### Brief
Make an exact copy of the records, dropping all pictures.

### Data for the task
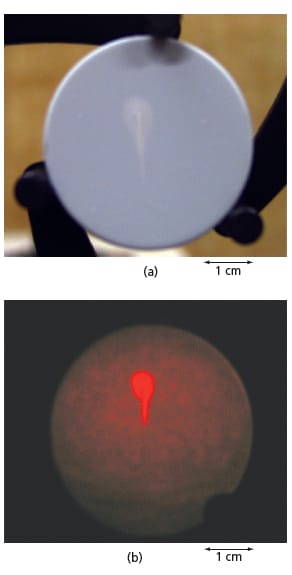 The strategy for producing delamination- indicating TBCs relies on the enhanced luminescence produced by regions of the TBC where subsurface cracks are propagating. This enhanced luminescence is due to a large fraction of the excited luminescence that is incident upon the crack at an angle beyond the angle for total internal reflection. Deposition of 125-μm thick TBCs above a 7-μm thick europium-doped layer was performed in collaboration with Penn State University. These self-indicating TBCs were deposited by multiple-ingot electron-beam physical-vapor deposition without disrupting TBC growth so as not to alter the usual columnar growth that gives these TBCs many of their desirable properties. To demonstrate delamination indication, localized TBC delamination was induced by scratching the coating with a stylus.
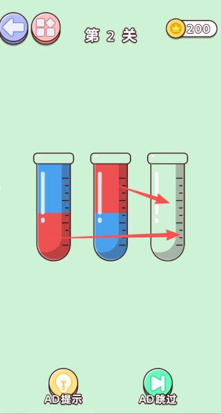 3. 每一关都经过细致的平衡性调整,保证玩家经过合理思考后都能找到通关方法,使玩家在挑战过程中持续收获成就感。核心玩法为颜色分类排序,目标是把杂乱分布的彩色液体通过转移操作,最终使每个试管仅容纳单一颜色的纯净液体。2、玩家需遵循“颜色匹配”与“空间足够”两大基本原则,唯有试管顶部颜色一致且目标试管有充足空间时,方可完成液体倾倒。3、这类简单规则的背后,却包含着丰富的策略可能性,需要玩家全面考量每一步的后果。
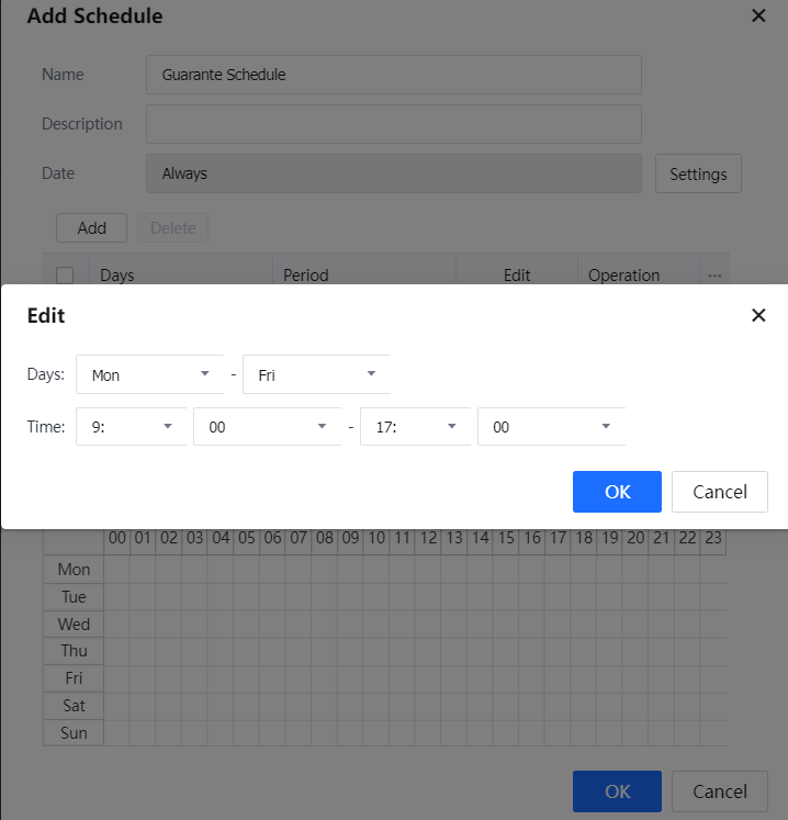 Step 6.Configure the effective period of the channel in the Schedule column. The administrator can customize the effective period according to the working hours of the enterprise. Click Add Schedule in the Schedule column to start customizing the effective period of the strategy, and click Add to add the execution channel time.
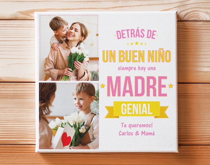 Una madre puede ser genial por muchas cosas: por ser la mejor madre, la mejor compañera, la mejor amiga, la mejor consejera, la mejor cocinera... ¡Se merece todo! Si quieres decirle que es una madre genial y no quieres que se olvide, hazlo con este lienzo personalizado. Será el regalo perfecto para todas las mamis, les encantará utilizarlo como decoración para cualquier rinconcito de casa, le dará un toque de lo más especial. Sabemos que a veces sorprender a mamá puede resultar un poco difícil, pero con este original lienzo cuadrado será muy sencillo. Se convertirá en un regalo único y genial para fechas como el Día de la Madre o su cumpleaños. Deja a un lado los típicos regalos que siempre le has hecho y apuesta por este detalle tan original y diferente que podrás crear especialmente para ella. Personaliza este lienzo para que sea el regalo favorito de mamá. Primero elige el tamaño que más se ajusta a tus necesidades, desde 30 hasta 95 centímetros. Después crea tu diseño añadiendo vuestras fotos favoritas y poniendo el texto que quieras en la parte inferior de este lienzo. ¡Listo para decorar vuestro hogar! • Los laterales quedan envueltos con el propio lienzo. • Bastidor de 3cm de madera samba. • Impresión a 1440dpi. • Tintas con protección para rayos UV. • Lienzo de algodón de alta calidad ultra blanco de 415 gramos. • Se entrega montado, listo para colgar.
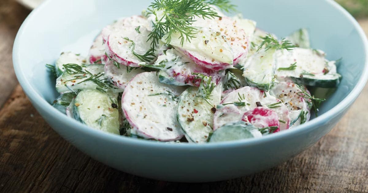 Gurken-Radieschen-Salat mit Schnittlauch und Dill (4 Portionen)
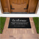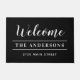 Elegant and timeless custom doormat features "Welcome" in calligraphy script writing with your family's last name and your home's street address personalised in white with simple stripe accents. Note, the black background and white text colours can be modified to coordinate with your porch or entry decor.
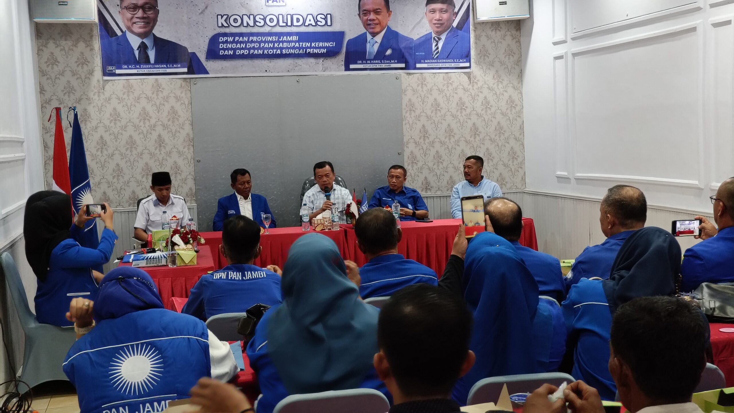 Pariwarajambi.com – Ketua DPW PAN Provinsi Jambi, Al Haris, memimpin langsung konsolidasi Partai Amanat Nasional (PAN) Kabupaten Kerinci dan Kota Sungai Penuh. Rapat konsolidasi ini dihadiri pengurus DPD PAN dua daerah tersebut, termasuk Sekretaris DPD PAN Kerinci yang juga Bupati Kerinci, Monadi.
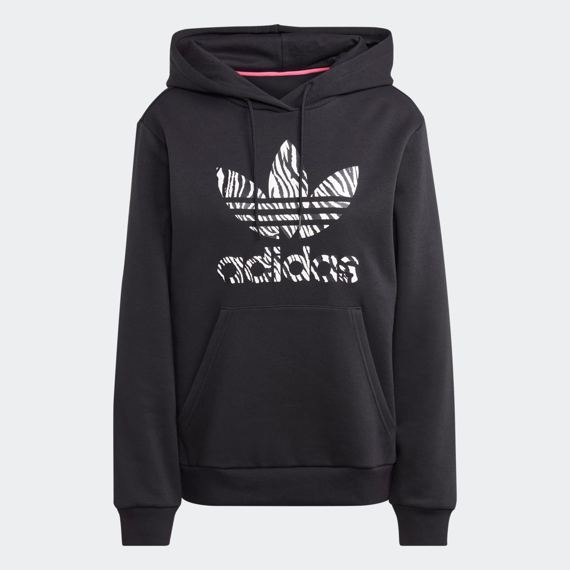 This adidas hoodie updates a classic look with a bold attitude. A centre Trefoil logo gets loud with a zebra print infill in colours that pop. A comfortable cotton blend fleece construction helps keep you comfortable whether you're heading out to meet up with friends or catching up on your favourite television show. A minimum of 70% of this product is a blend of recycled and renewable materials.
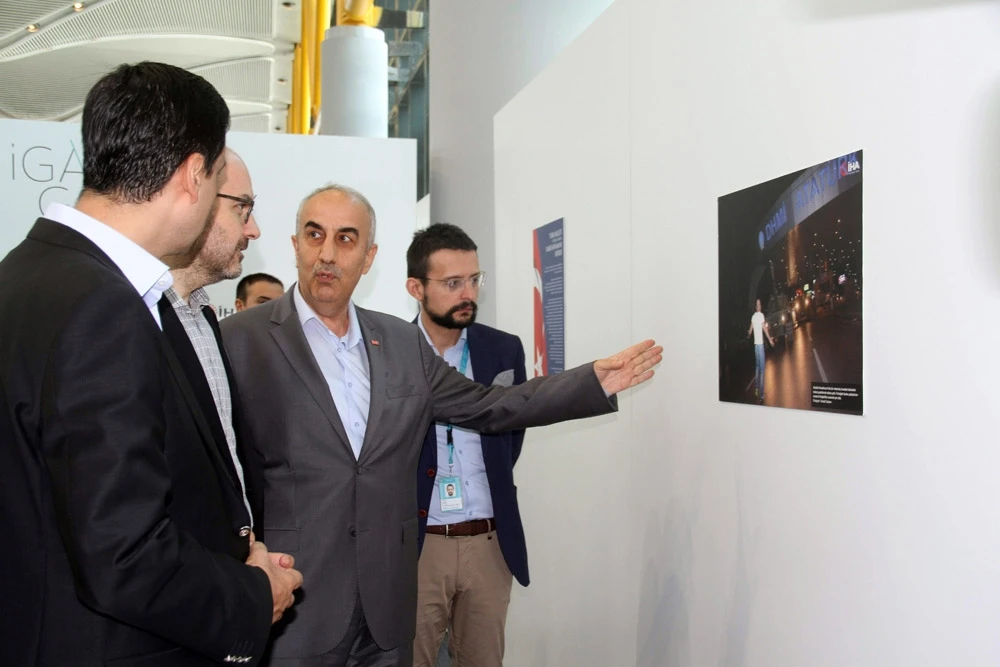 Kurdele kesim töreninin ardından davetliler sergide yer alan fotoğrafları yakından inceledi. İGA CEO’su Kadri Samsunlu’ya kalkışma sırasında çekilen önemli fotoğrafların hikayelerini anlatan İhlas Haber Ajansı Genel Müdürü Hamit Arvas, kalkışma sırasında halkın yanı sıra özel medya kuruluşlarının aldıkları sorumluluğa dikkat çekerek, “Özel televizyonlar gerçek manada bir mücadele verdi. Ondan sonra da zaten her şey çözüldü” hatırlatmasında bulundu. İhlas Haber Ajansı’nın 15 Temmuz Şehitler Köprüsü üzerindeki darbecilerin teslim olma görüntülerini canlı olarak dünya kamuoyuna verdiklerini ve İHA tarafından özel olarak paylaşılan bu görüntülerin ardından darbecilerin rehineleri bırakarak kaçmaya karar verdiklerini kaydetti.
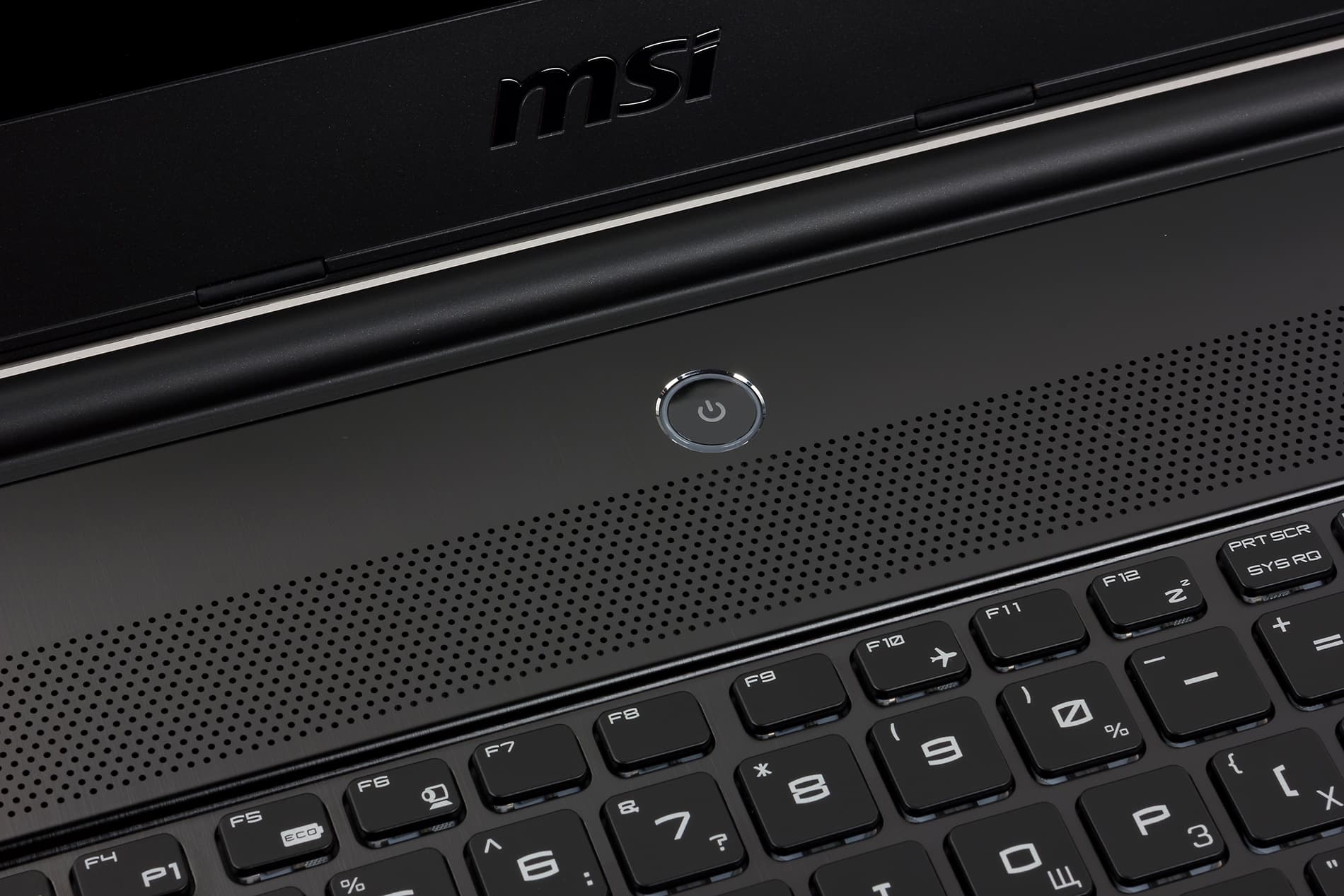 Собственно, из традиционного черного пластика здесь сделана только рамка экрана. Рамка эта не очень широкая: ее толщина с боков и сверху составляет 22 мм, а снизу — 31 мм. На рамке сверху по центру экрана расположена веб-камера и миниатюрные отверстия двух микрофонов, а снизу — традиционный логотип MSI.
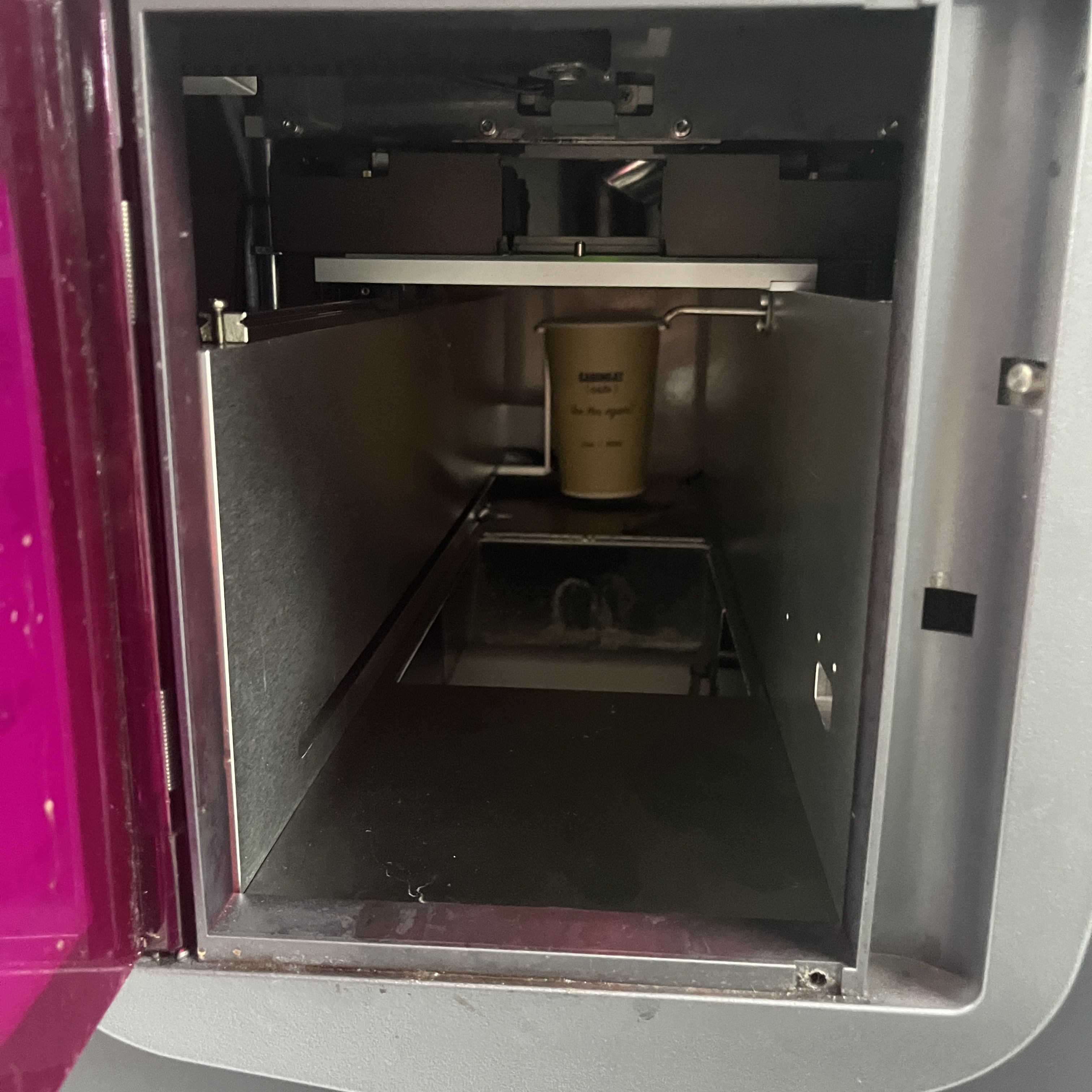 컵이 음료가 나오는 자리로 이동하지 않아 모든 음료가 버려졌다.

### Exercise output
 The strategy for producing delamination- indicating TBCs relies on the enhanced luminescence produced by regions of the TBC where subsurface cracks are propagating. This enhanced luminescence is due to a large fraction of the excited luminescence that is incident upon the crack at an angle beyond the angle for total internal reflection. Deposition of 125-μm thick TBCs above a 7-μm thick europium-doped layer was performed in collaboration with Penn State University. These self-indicating TBCs were deposited by multiple-ingot electron-beam physical-vapor deposition without disrupting TBC growth so as not to alter the usual columnar growth that gives these TBCs many of their desirable properties. To demonstrate delamination indication, localized TBC delamination was induced by scratching the coating with a stylus.
 3. 每一关都经过细致的平衡性调整,保证玩家经过合理思考后都能找到通关方法,使玩家在挑战过程中持续收获成就感。核心玩法为颜色分类排序,目标是把杂乱分布的彩色液体通过转移操作,最终使每个试管仅容纳单一颜色的纯净液体。2、玩家需遵循“颜色匹配”与“空间足够”两大基本原则,唯有试管顶部颜色一致且目标试管有充足空间时,方可完成液体倾倒。3、这类简单规则的背后,却包含着丰富的策略可能性,需要玩家全面考量每一步的后果。
 Step 6.Configure the effective period of the channel in the Schedule column. The administrator can customize the effective period according to the working hours of the enterprise. Click Add Schedule in the Schedule column to start customizing the effective period of the strategy, and click Add to add the execution channel time.
 Una madre puede ser genial por muchas cosas: por ser la mejor madre, la mejor compañera, la mejor amiga, la mejor consejera, la mejor cocinera... ¡Se merece todo! Si quieres decirle que es una madre genial y no quieres que se olvide, hazlo con este lienzo personalizado. Será el regalo perfecto para todas las mamis, les encantará utilizarlo como decoración para cualquier rinconcito de casa, le dará un toque de lo más especial. Sabemos que a veces sorprender a mamá puede resultar un poco difícil, pero con este original lienzo cuadrado será muy sencillo. Se convertirá en un regalo único y genial para fechas como el Día de la Madre o su cumpleaños. Deja a un lado los típicos regalos que siempre le has hecho y apuesta por este detalle tan original y diferente que podrás crear especialmente para ella. Personaliza este lienzo para que sea el regalo favorito de mamá. Primero elige el tamaño que más se ajusta a tus necesidades, desde 30 hasta 95 centímetros. Después crea tu diseño añadiendo vuestras fotos favoritas y poniendo el texto que quieras en la parte inferior de este lienzo. ¡Listo para decorar vuestro hogar! • Los laterales quedan envueltos con el propio lienzo. • Bastidor de 3cm de madera samba. • Impresión a 1440dpi. • Tintas con protección para rayos UV. • Lienzo de algodón de alta calidad ultra blanco de 415 gramos. • Se entrega montado, listo para colgar.
 Gurken-Radieschen-Salat mit Schnittlauch und Dill (4 Portionen)
 Elegant and timeless custom doormat features "Welcome" in calligraphy script writing with your family's last name and your home's street address personalised in white with simple stripe accents. Note, the black background and white text colours can be modified to coordinate with your porch or entry decor.
 Pariwarajambi.com – Ketua DPW PAN Provinsi Jambi, Al Haris, memimpin langsung konsolidasi Partai Amanat Nasional (PAN) Kabupaten Kerinci dan Kota Sungai Penuh. Rapat konsolidasi ini dihadiri pengurus DPD PAN dua daerah tersebut, termasuk Sekretaris DPD PAN Kerinci yang juga Bupati Kerinci, Monadi.
 This adidas hoodie updates a classic look with a bold attitude. A centre Trefoil logo gets loud with a zebra print infill in colours that pop. A comfortable cotton blend fleece construction helps keep you comfortable whether you're heading out to meet up with friends or catching up on your favourite television show. A minimum of 70% of this product is a blend of recycled and renewable materials.
 Kurdele kesim töreninin ardından davetliler sergide yer alan fotoğrafları yakından inceledi. İGA CEO’su Kadri Samsunlu’ya kalkışma sırasında çekilen önemli fotoğrafların hikayelerini anlatan İhlas Haber Ajansı Genel Müdürü Hamit Arvas, kalkışma sırasında halkın yanı sıra özel medya kuruluşlarının aldıkları sorumluluğa dikkat çekerek, “Özel televizyonlar gerçek manada bir mücadele verdi. Ondan sonra da zaten her şey çözüldü” hatırlatmasında bulundu. İhlas Haber Ajansı’nın 15 Temmuz Şehitler Köprüsü üzerindeki darbecilerin teslim olma görüntülerini canlı olarak dünya kamuoyuna verdiklerini ve İHA tarafından özel olarak paylaşılan bu görüntülerin ardından darbecilerin rehineleri bırakarak kaçmaya karar verdiklerini kaydetti.
 Собственно, из традиционного черного пластика здесь сделана только рамка экрана. Рамка эта не очень широкая: ее толщина с боков и сверху составляет 22 мм, а снизу — 31 мм. На рамке сверху по центру экрана расположена веб-камера и миниатюрные отверстия двух микрофонов, а снизу — традиционный логотип MSI.
 컵이 음료가 나오는 자리로 이동하지 않아 모든 음료가 버려졌다.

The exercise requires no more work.